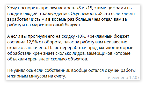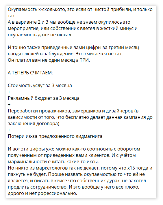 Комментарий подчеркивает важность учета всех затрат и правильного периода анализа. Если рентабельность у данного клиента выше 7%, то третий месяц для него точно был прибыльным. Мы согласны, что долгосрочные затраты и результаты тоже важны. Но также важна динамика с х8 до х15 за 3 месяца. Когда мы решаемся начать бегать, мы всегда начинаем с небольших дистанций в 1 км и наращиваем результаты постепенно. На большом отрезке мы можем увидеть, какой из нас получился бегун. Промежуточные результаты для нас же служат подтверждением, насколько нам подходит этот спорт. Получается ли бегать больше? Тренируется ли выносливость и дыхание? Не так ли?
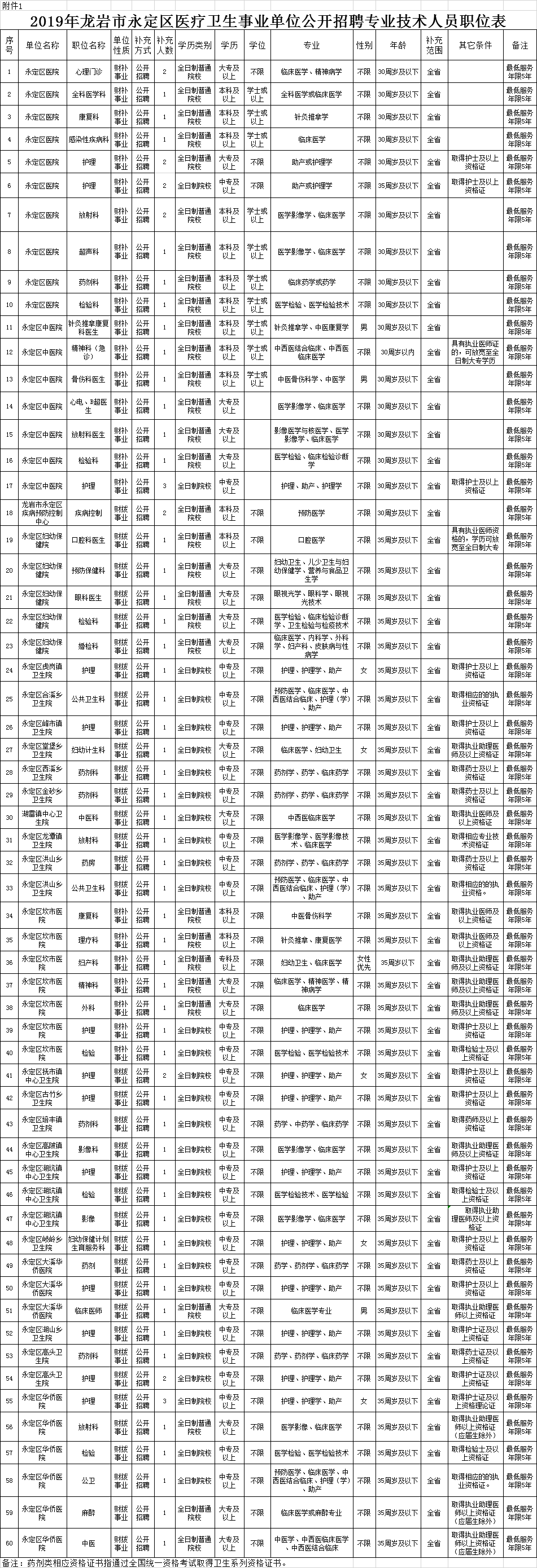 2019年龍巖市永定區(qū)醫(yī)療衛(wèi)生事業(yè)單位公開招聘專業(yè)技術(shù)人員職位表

* * * * *

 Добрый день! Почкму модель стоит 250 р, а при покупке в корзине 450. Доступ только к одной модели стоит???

* * * * *

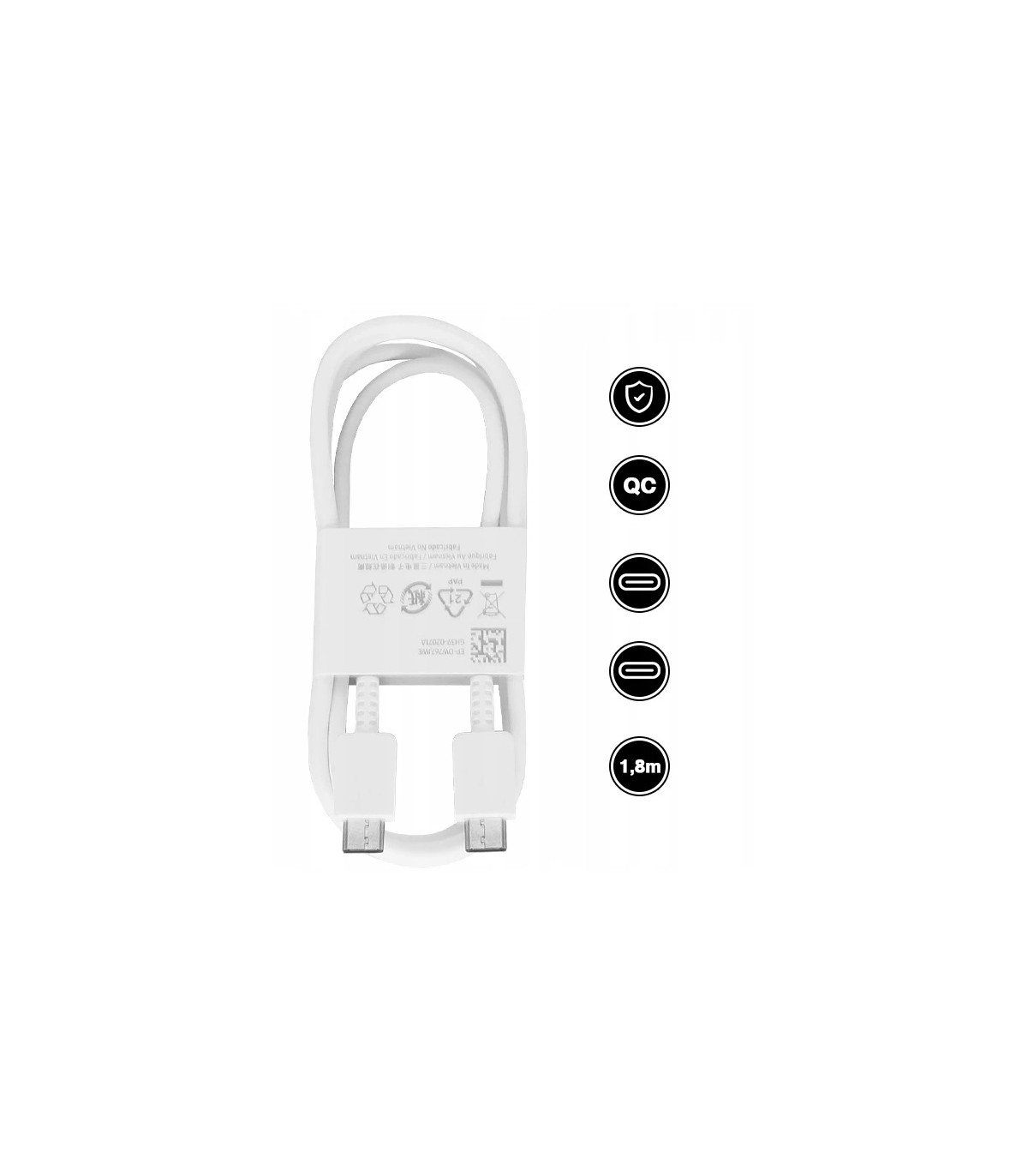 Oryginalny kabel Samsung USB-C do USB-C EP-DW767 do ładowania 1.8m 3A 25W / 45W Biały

* * * * *

**What is being asked:** Give back exactly, and solely, the section of the data above bounded by the line containing "Комментарий подчеркивает важность" and the line containing "2019年龍巖市永定區(qū", both bounding lines included and pictures omitted.

**Problem solution:**
 Комментарий подчеркивает важность учета всех затрат и правильного периода анализа. Если рентабельность у данного клиента выше 7%, то третий месяц для него точно был прибыльным. Мы согласны, что долгосрочные затраты и результаты тоже важны. Но также важна динамика с х8 до х15 за 3 месяца. Когда мы решаемся начать бегать, мы всегда начинаем с небольших дистанций в 1 км и наращиваем результаты постепенно. На большом отрезке мы можем увидеть, какой из нас получился бегун. Промежуточные результаты для нас же служат подтверждением, насколько нам подходит этот спорт. Получается ли бегать больше? Тренируется ли выносливость и дыхание? Не так ли?
 2019年龍巖市永定區(qū)醫(yī)療衛(wèi)生事業(yè)單位公開招聘專業(yè)技術(shù)人員職位表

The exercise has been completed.